Ральф позвал меня из гостиной.
— Доброе утро, — откликнулась я. — Если ты хочешь поговорить со мной, тебе придется присоединиться ко мне — я не могу сделать ни одного лишнего шага.
Ральф вошел в ванную, уже полностью одетый. Я мрачно изучала свое лицо в зеркале над мойкой. Мой, изначально черный, «фонарь» под глазом стал темно-лилового цвета, с желтыми и зелеными прожилками. Левый глаз заплыл кровью. Кожа на челюсти приобрела серый оттенок. Общий эффект был далеко не самый привлекательный.
Ральф был, видимо, такого же мнения. Я наблюдала за его лицом в зеркале, ему было явно не по себе. Готова побиться об заклад, что его прежняя жена Дороти никогда не возвращалась домой с синяком под глазом — жизнь в предместьях скучна и однообразна.

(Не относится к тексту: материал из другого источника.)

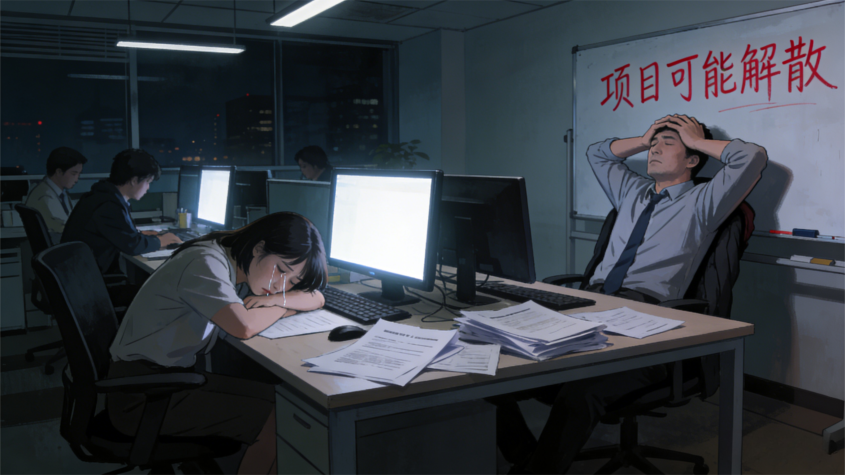 那天晚上,团队所有人都留在办公室加班,没人说话,气氛压抑得让人喘不过气。实习生小周偷偷抹眼泪,说 “刚毕业就失业,不知道该怎么办”;老员工老王叹了口气,说 “上有老下有小,真不敢失业”。我看着他们疲惫又无助的模样,突然想起当初大家跟着我一起接手项目时的期待,心里像压了一块石头。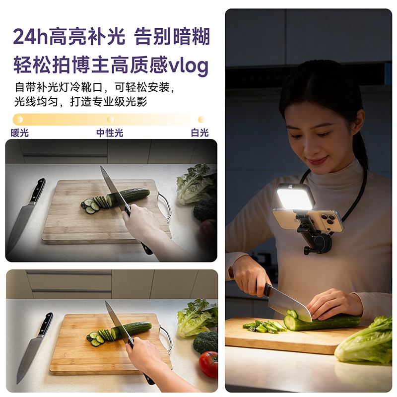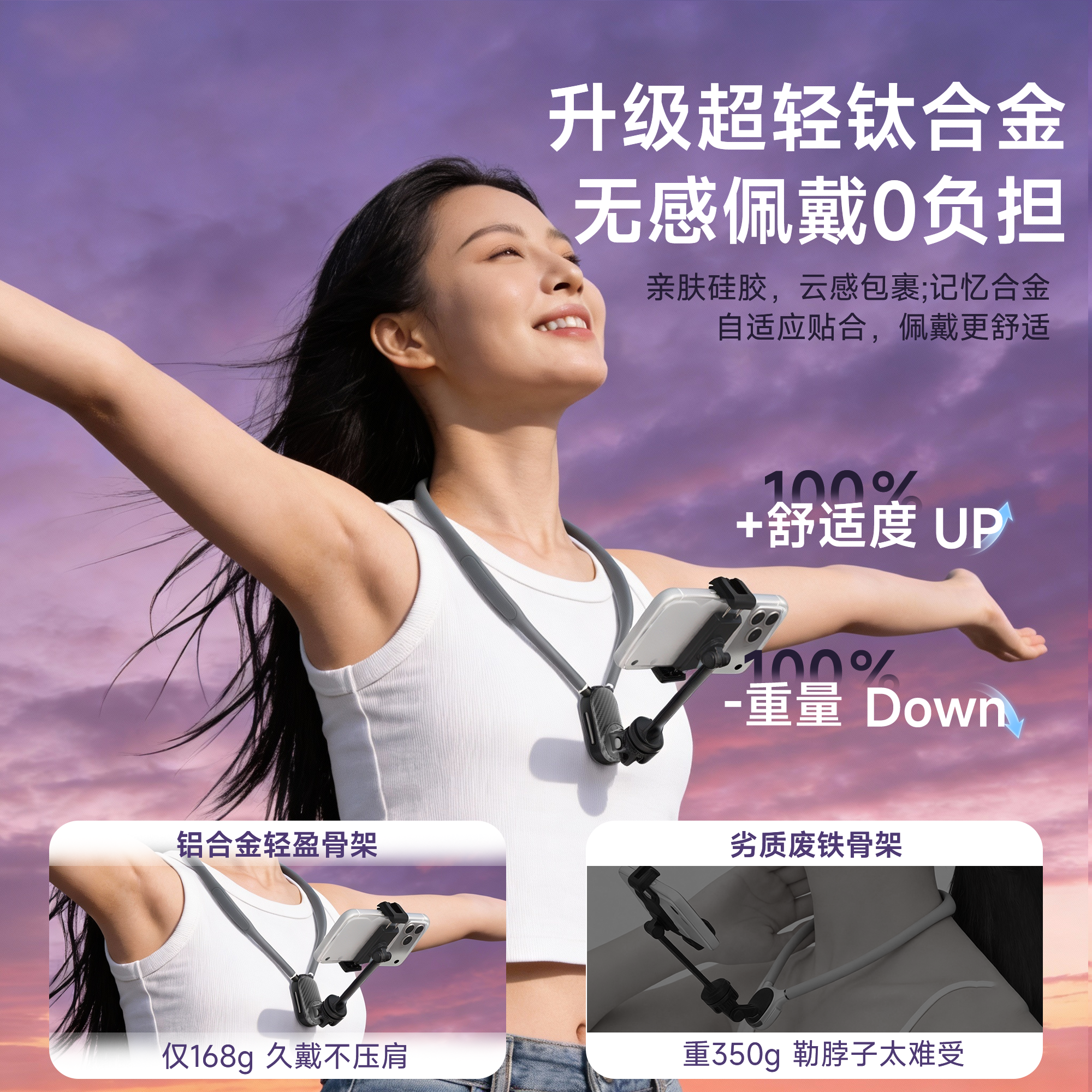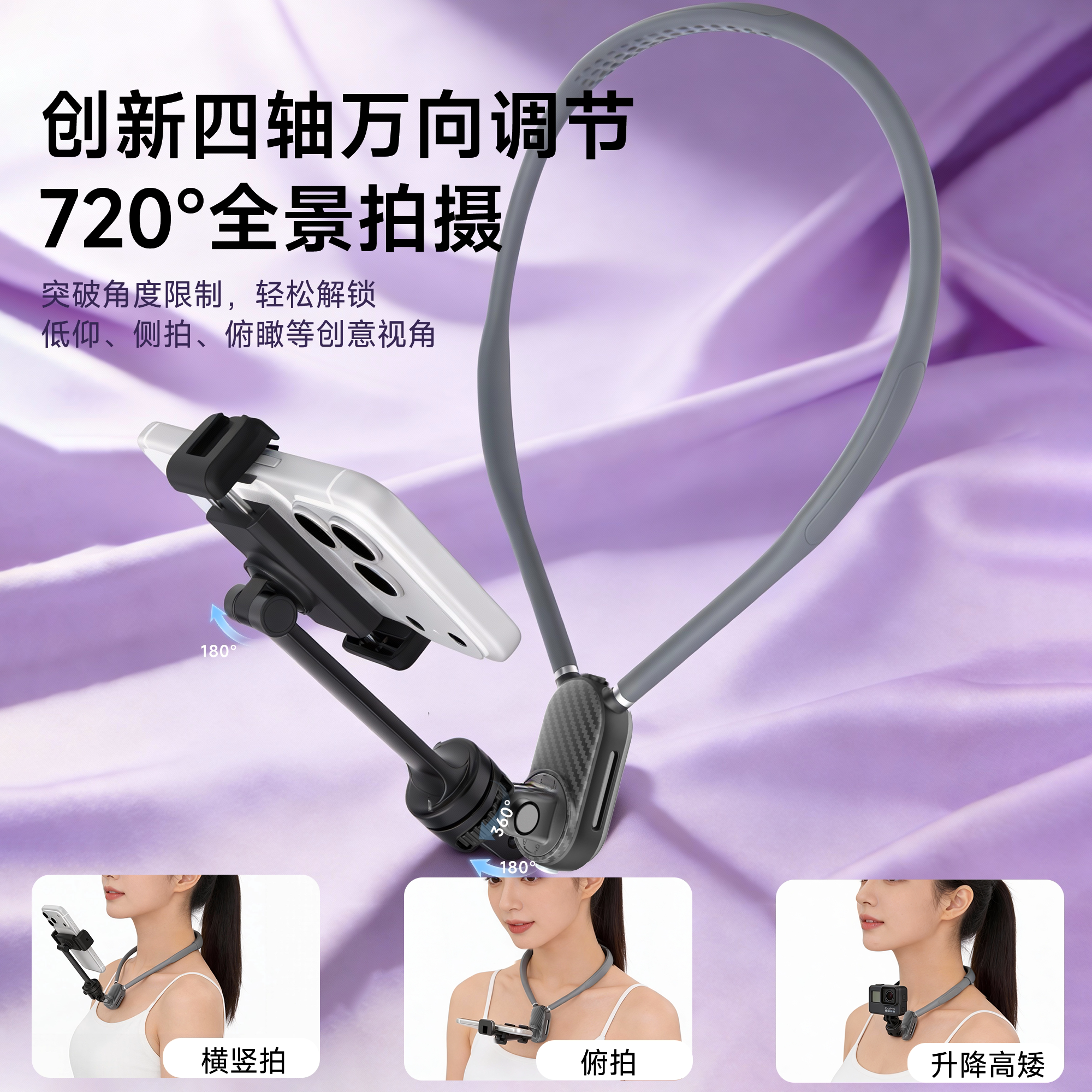 📚 挂脖拍摄神器手机支架第一视角拍摄设备自媒体夹子action6/5pro/4适配大疆pocket3防抖挂脖式手机拍摄支架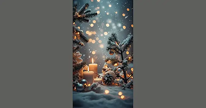And seriously, how good are those glowing candles? They’re basically screaming ‘cozy night in’ without you having to worry about setting off the smoke detector. Plus, those adorable snowy pinecones and shiny silver ornaments are all about the holiday spirit, but without the hassle of untangling a bazillion fairy lights or finding where your pet hid the missing bauble. Ditch that basic wallpaper and let this little winter scene be the MVP of your phone or computer screen, reminding you that even on a Monday, a touch of holiday magic is just a glance away.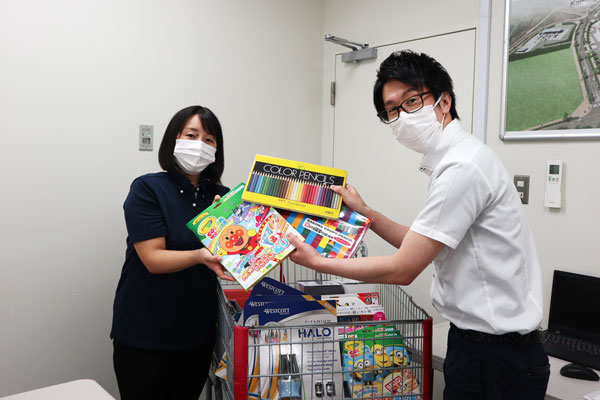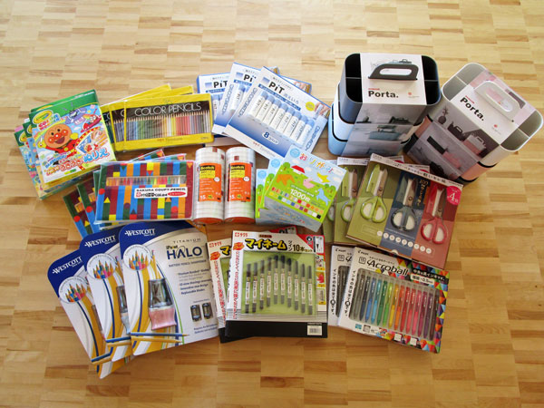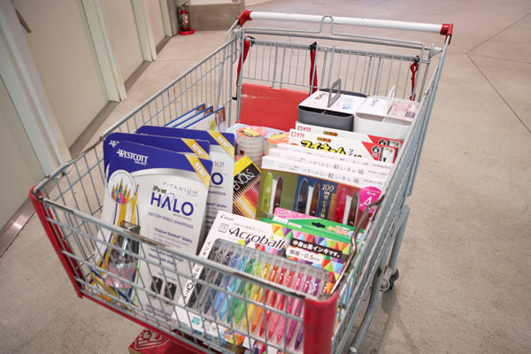 寄贈のお話をいただき、コストコかみのやま倉庫店へ。カートいっぱいにクレヨンや色鉛筆、折り紙、のりなど、用意してくださっていました!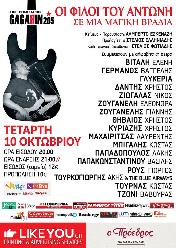 Συμμετέχουν με αλφαβητική σειρά: Βιτάλη Ελένη Γερμανός Βαγγέλης Γλυκερία Δάντης Χρήστος Ζιώγαλας Νίκος Ζουγανέλη Ελεονώρα Ζουγανέλης Γιάννης Θηβαίος Χρήστος Κυριαζής Χρήστος Μαχαιρίτσας Λαυρέντης Μπίγαλης Κώστας Παπαδόπουλος Λάκης Παπακωνσταντίνου Βασίλης Ρους Γιώργος Τουρκογιώργης Άκης & The Blue Airways Τουρνάς Κώστας Τζόνι Βαβούρας GAGARIN 205, Λιοσίων 205, Αθήνα. Ώρα έναρξης: 21:00, Ώρα εισόδου: 20:00 Τιμές Εισιτηρίων: Γενική είσοδος (ταμείο): 12 €. Προπώληση: 10 € Σημεία Προπώλησης: viva.gr, 11876, seven spots, reload, athinorama.gr…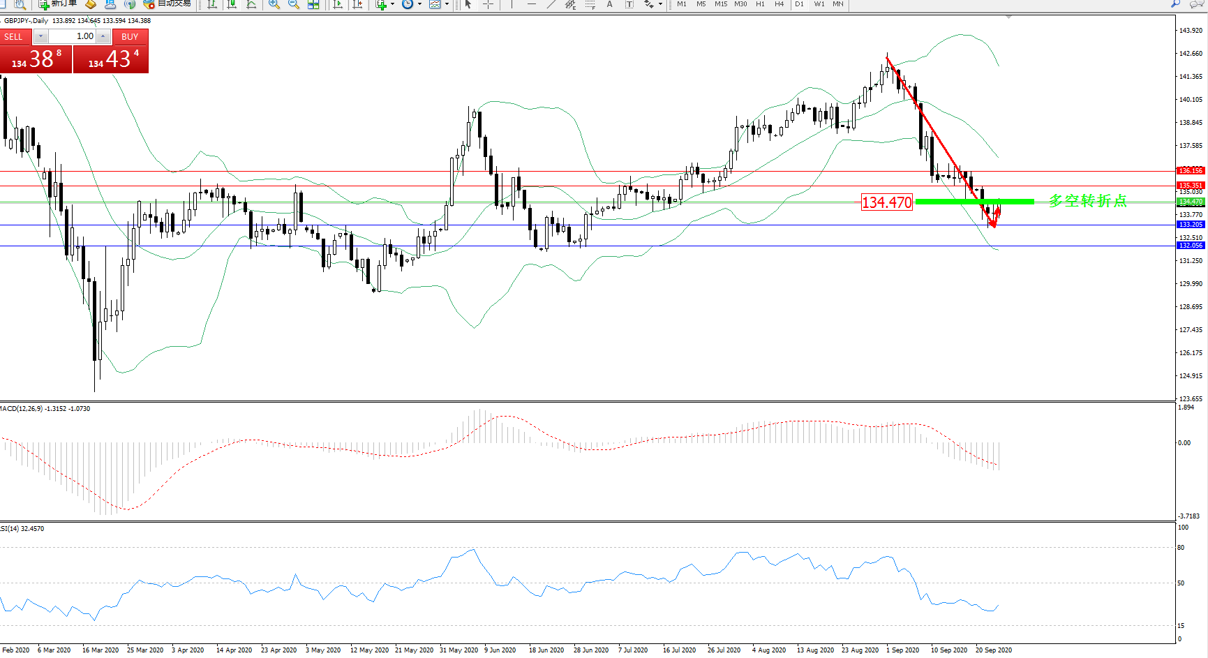 多空转折点:134.470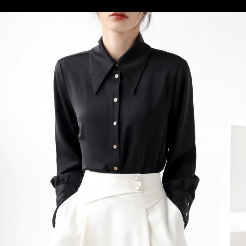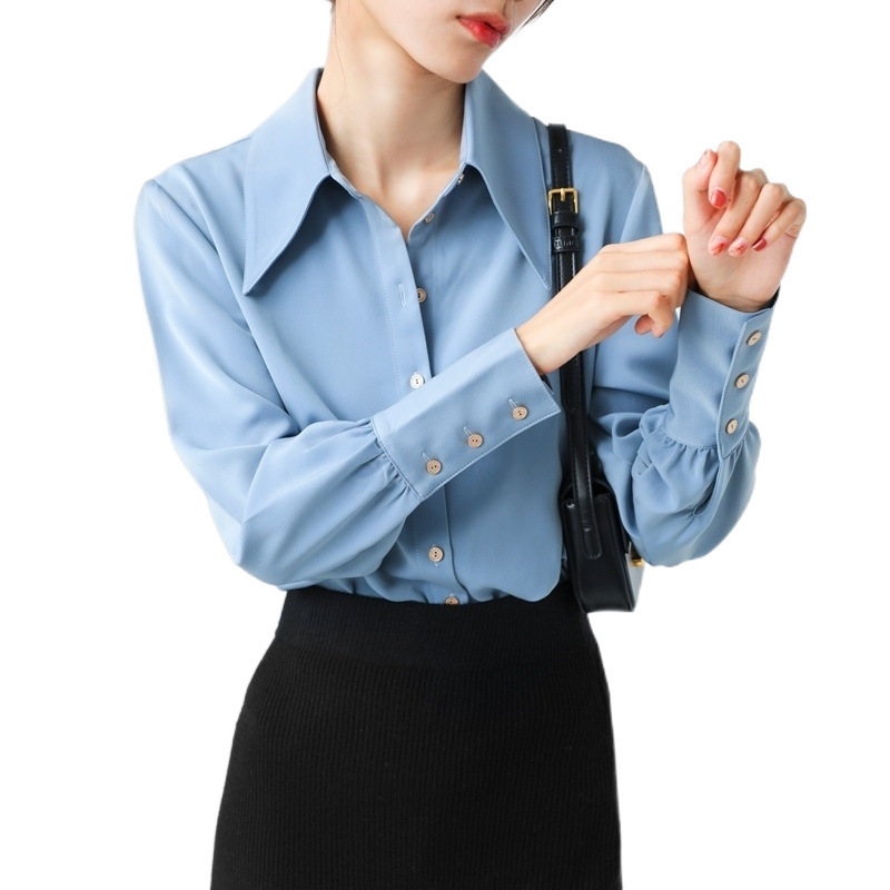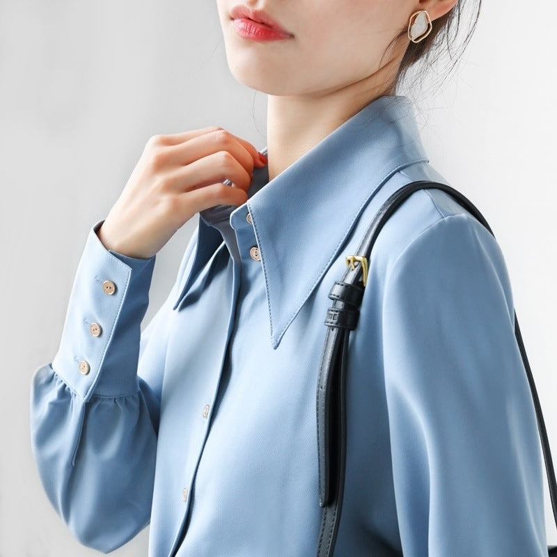 Smog Blue Sharp Collar Shirt Woman 2025 Spring And Autumn Design Small Commuting Professional Shirt Vinegar HZ1208

— И часто ты этим занимаешься? — спросил Ральф.
— Осматриванием своего тела или чем?
Он сделал неопределенный жест.
— Дракой, — сказал он.
— Менее часто, чем в детстве. Я росла в Саут-Сайде — Девяностая и Коммерческая улицы. Может, ты знаешь этот район — там живут сталелитейщики-поляки, которые недолюбливают приезжих других рас и национальностей, а те, естественно, отвечают им такой же неприязнью. В моей школе царил закон джунглей — если ты не мог орудовать кулаками и ногами, тебе нечего было и надеяться получить образование.
Я отвернулась от зеркала. Ральф покачивал головой, но чувствовалось, что он пытается понять.
— Это другой мир, — медленно произнес он. — Я вырос в городе Либерти и не помню, чтобы хоть когда-нибудь участвовал в настоящей драке. И если бы моя сестра пришла домой с подбитым глазом, мать целый месяц билась бы в истерике. А как твои родители?
— Моя мать всячески возмущалась, но она умерла, когда мне было пятнадцать, а мой отец был рад, что я могу постоять за себя. Да, верно, Габриела ненавидела насилие. Но в душе она была истинным бойцом, и я унаследовала свои бойцовские качества от нее, а не от моего большого уравновешенного отца.
— И все девочки в вашей школе дрались? — полюбопытствовал Ральф.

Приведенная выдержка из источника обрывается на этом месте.